How Drugs Kill Forests

Drug traffickers, growers and drug law enforcement agents are wreaking havok on the forests of Central America, where large plots of forest are clear-cut for drug crop growing and sprayed to eliminate illicit substances.

1 minute read

April 18, 2008, 9:00 AM PDT

By Nate Berg


"The national parks of Guatemala and other countries have become the preferred haven of drug traffickers who usurp protected areas and burn the forest to serve their own purposes and the demands of their customers, according to Roan McNab, Wildlife Conservation Society (WCS) country director for Guatemala."

"Similar misuse of parklands has plagued Colombia since at least the 1990s, and the Sierra de la Macarena National Park there is home to some 13,000 hectares (32,100 acres) of coca plantations, according to field data compiled by the illegal-drug monitoring U.N. body the Sistema Integrado de Monitoreo de Cultivos Ilicitos. As a result, officials have targeted the park for herbicide spraying from airplanes. Of course, this indiscriminately kills both coca and forest vegetation as well as poses a risk to the area's frogs and other amphibians."

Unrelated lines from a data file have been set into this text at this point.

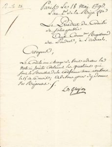 GUYTON MORVAU (Louis-Bernard, baron) Dijon 1737-1816 - Avocat, Chimiste, conventionnel de la Côte d’Or. Pièce signée « L.B. GUYTON » Le Président du Comité de Salut Public, aux Commissaires Régisseurs des Poudres, à l’Arsenal. Paris le 18 Mai 1793, An 2. 1p in-4° - « Citoyen, le Comité me charge de vous adresser la note contenant les questions qui sont le résultat de la Conférence tenue avec vous le 15 de ce mois ; et de vous prier d’y donner vos réponses. »
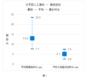 鉆頭離底的自動化主要指的是在滑動之前鉆頭提離井底后發(fā)生的所有的操作活動。例如,鉆頭離底后的其中一項(xiàng)關(guān)鍵操作就是將其下至井底執(zhí)行滑動。置鉆頭于井底的關(guān)鍵操作又包括多個子操作,例如,在鉆頭吃入地層前輸入反扭矩以及根據(jù)壓差檢測井底狀態(tài),這些都必須由控制系統(tǒng)來操控。離底作業(yè)的自動化對滑動鉆進(jìn)過程的整體優(yōu)化具有重要影響。在實(shí)施這項(xiàng)自動化技術(shù)之前和期間進(jìn)行的人工滑動分析表明,各個井、各個井段和不同定向司鉆之間在鉆頭離底的時長方面存在著很大差異。一項(xiàng)對水平段進(jìn)行的超過750次人工滑動的分析顯示,離底作業(yè)期間(預(yù)滑動或滑動準(zhǔn)備的時長)平均為13min,其中最短的為7.7min,最長的為23.5min,見圖1給出的水平段離底時長的分析。這一巨大的差異可以通過滑動自動化方法有效的予以解決,可為石油公司或運(yùn)營商節(jié)省大量的費(fèi)用。
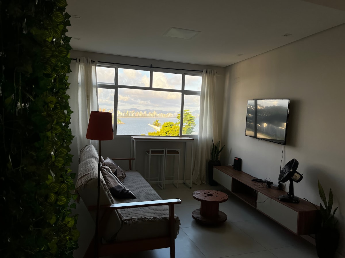 Venha sentir a experiência de se hospedar sobre o mar, com uma vista incrível, num apartamento aconchegante, confortável, limpo, seguro e completo, com tudo o que você precisa para relaxar e ficar apreciando a vista da janela. Localizado no topo da Ilha Porchat, em SV. Apto com ar condicionado, cama box casal, sofá cama, Smart TV com acesso ao Netflix, internet de alta velocidade, cozinha completa com todos os utensílios necessários para preparar refeições, e curtir a paz e tranquilidade.
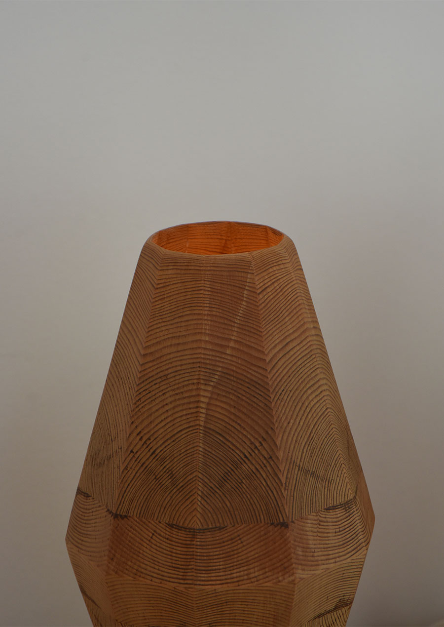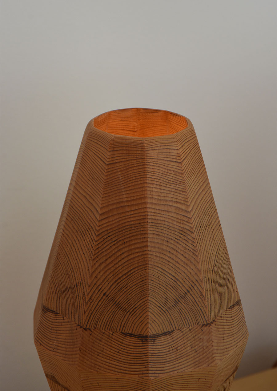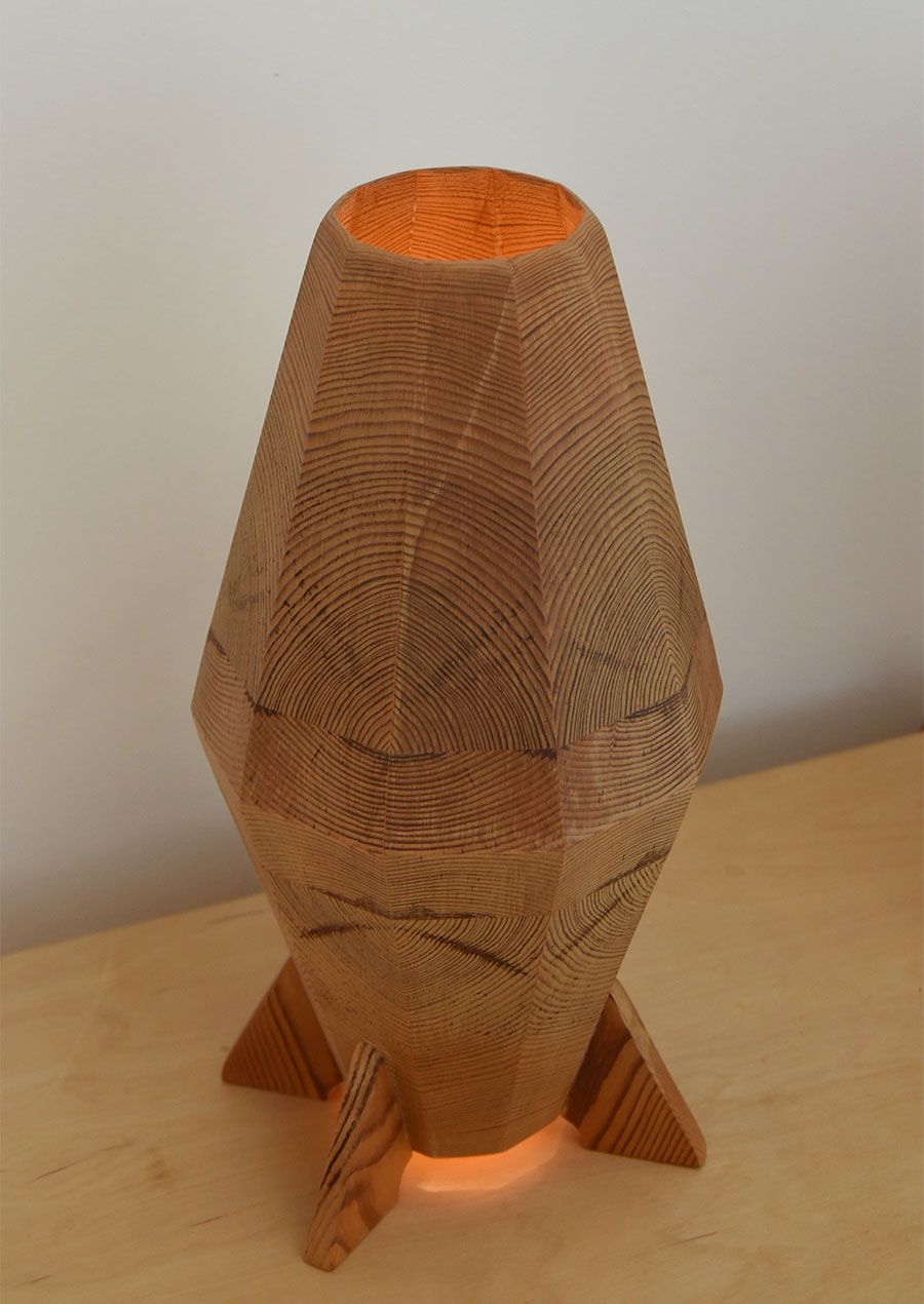 点灯するとパインの木目がぼんやり赤い光を放ち、昼間とは異なる幻想的な雰囲気です。
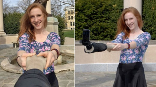“没那么简单,就能找到聊得来的伴”,七夕到了,还是没有找到另一半,只能眼巴巴地看别人秀恩爱?不要着急,美国2位艺术家设计出了一款造型新颖的自拍杆,他们将自拍杆制作成手臂的样子,拍照者可以用它拍出与情侣拉手、一起出游的照片。虽然解了燃眉之急,但这款“自拍手臂”的价格并不便宜,每件售价在6200美元(约合人民币3.8万元)。相比之下,还是赶快找到属于你的牛郎织女吧!
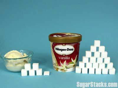 하겐 다즈 바닐라의 경우 424g들이의 1컵 설탕 84g. 총 칼로리 : 1080kcal
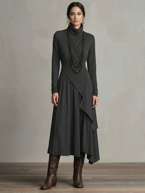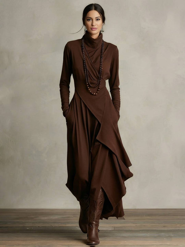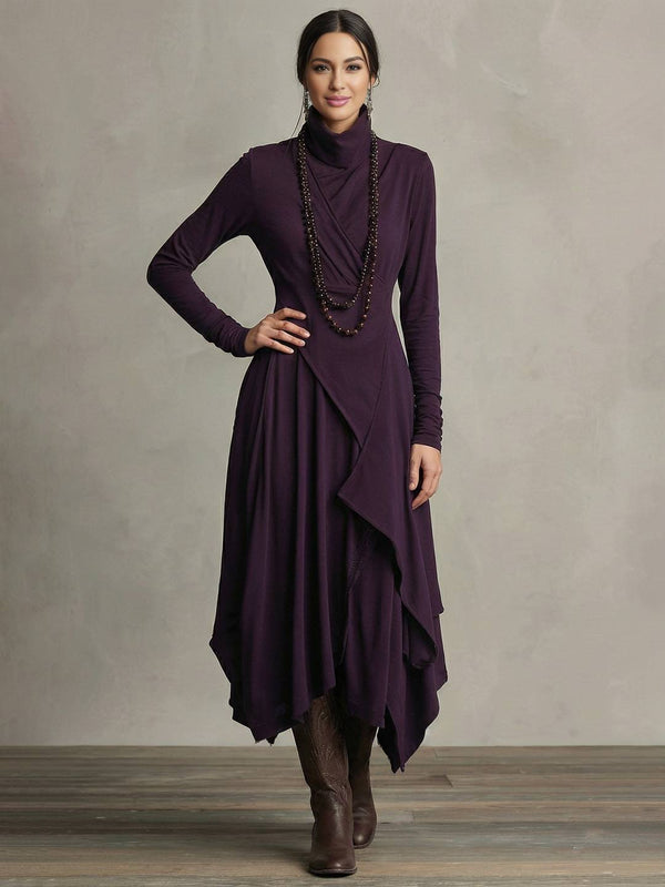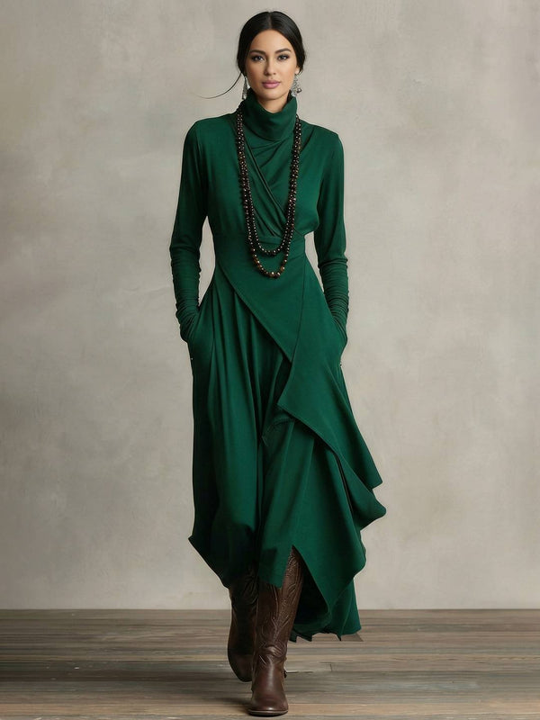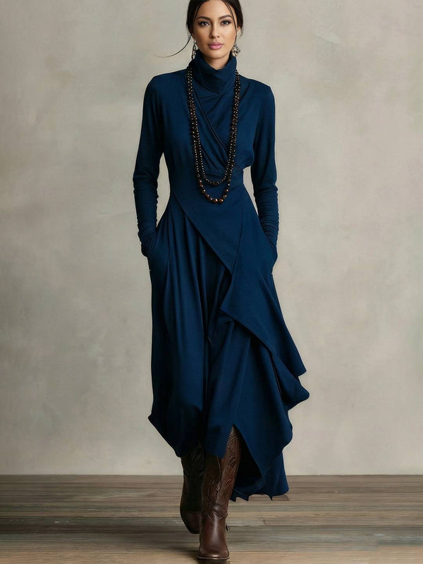 - Cette robe présente un col montant associé à une jupe irrégulière et drapée, mettant en valeur un mélange unique de style gothique et de charme rétro. Les manches longues avec des poignets élastiqués assurent le confort tout en ajoutant une touche de mode. Idéale pour les cérémonies, les soirées et les bals de fin d'études, elle dégage une élégance et une sophistication raffinées. Le tissu doux et fluide épouse parfaitement la silhouette, offrant une expérience de port exceptionnelle.
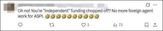 “哦豁!‘独立智库’的资金被切断啦?ASPI这下做不成外国代理人的勾当咯。”
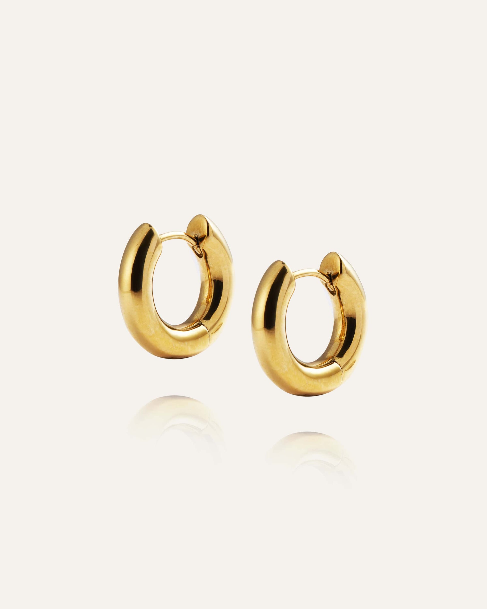 Hoop oorbellen met een zachte, moderne vorm, vervaardigd uit massief roestvrij staal met een 18K goudkleurige PVD-coating. Duurzaam en waterbestendig – ze behouden hun kleur en stijl in de loop der tijd. Een combinatie van elegantie en duurzaamheid voor jouw dagelijkse look.
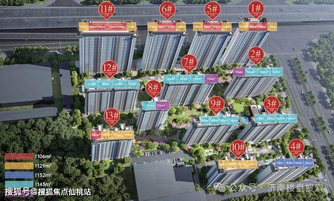 1#楼、5#楼、6#楼、11#楼为27层高层,包含106、129㎡户型;2#楼、3#楼、4#楼、7#楼、8#楼、9#楼、10#楼、12#楼、13#楼为17层-18层小高层,包含106、129、143、176㎡户型。
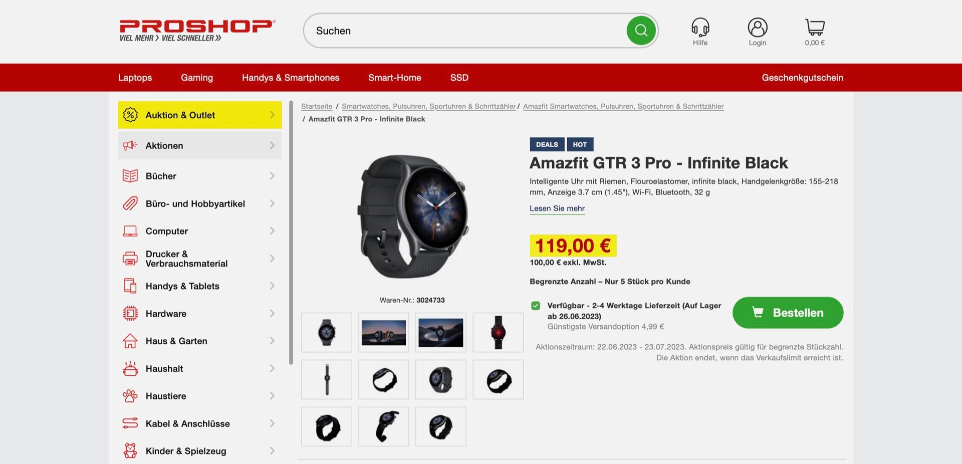 Die Amazfit GTR 3 Pro wird aktuell bei Proshop für nur 119 Euro angeboten, zuzüglich 4,99 Euro Versand, wahlweise in Schwarz mit Sportarmband, oder in Gold mit Lederarmband. Im Preisvergleich ist die schwarze Version ansonsten nicht unter 139 Euro zu finden, die goldene Variante kostet ansonsten mindestens 159 Euro.
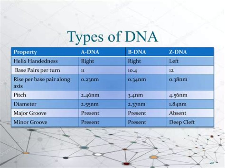 B-DNA refers to the typical form of double helix DNA in which the chains twist up and to the right around the front of the axis of the helix. But, Z-DNA refers to the left-handed uncommon form of double helix DNA in which the chains twist up and to the left around the front of the axis of the helix.What type of DNA is human?
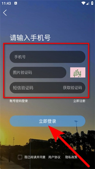 输入手机号码、图片验证码和短信验证码,勾选相关协议后,点击“立即登录”按钮,即可完成登录操作。
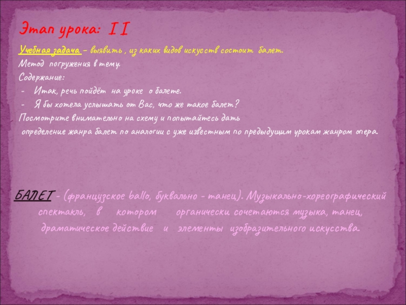 БАЛЕТ - (французское ballo, буквально - танец). Музыкально-хореографический спектакль, в котором органически сочетаются музыка, танец, драматическое действие и элементы изобразительного искусства.
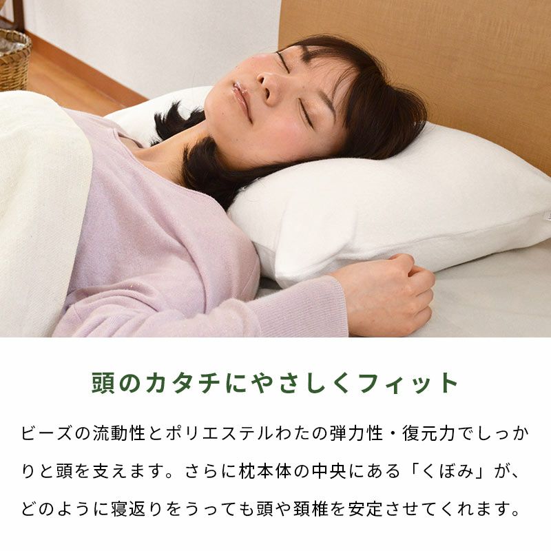 ビーズの流動性とポリエステルわたの弾力性・復元力でしっかりと頭を支えます。さらに枕本体の中央にある「くぼみ」が、どのように寝返りをうっても頭や頚椎を安定させてくれます。
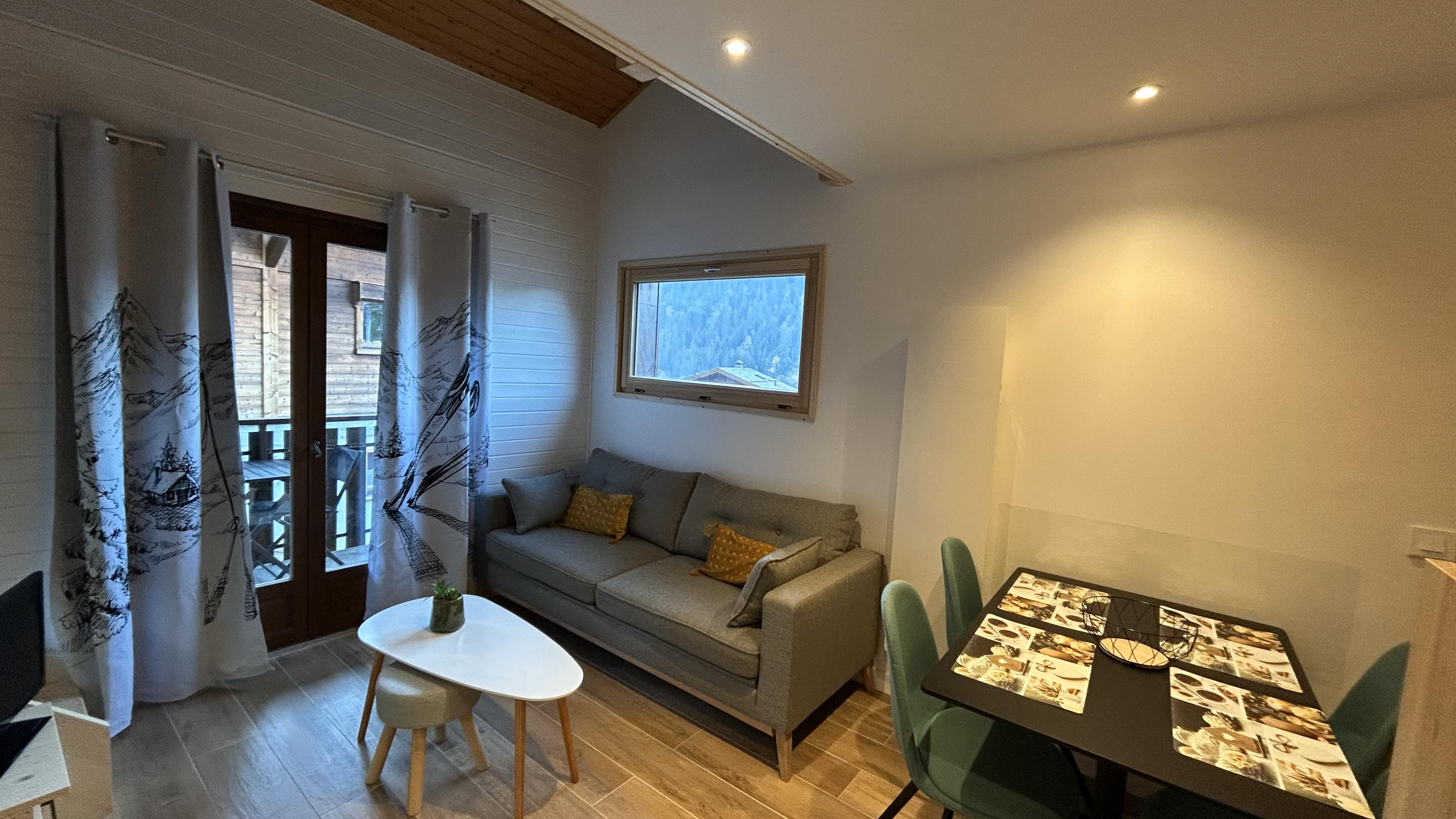 Très joli petit appartement en rez de jardin avec une terrasse exposée plein sud face au Mont de Grange.
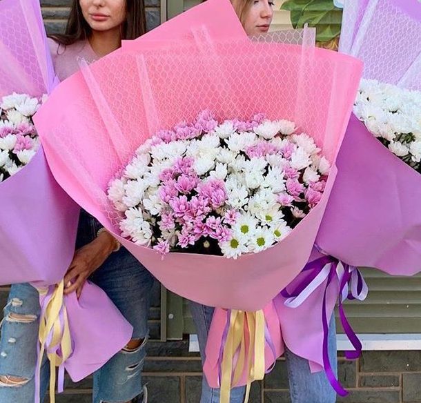 15-17 веток кустовых хризантем (белая + розовая), фоамиран, дизайнерская пленка.
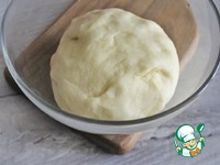 Замесить дрожжевое тесто, используя заявленные ингредиенты. Тесту придать форму шара, уложить в чашку, накрыть и оставить для подъема на 1,5-2 часа в теплом месте. |

"In Guatemala, drug traffickers clear a new landing strip on average once every six months to avoid being caught. And, over the last 15 years, trafficking has eliminated half the nesting trees of the scarlet macaw. At El Mirador, the jungle-covered remains of a once flourishing Mayan city, its pending listing as a new national park will likely invite narco-traffickers to take over the home of those same scarlet macaws as well as white-lipped peccaries, jaguars and other animals."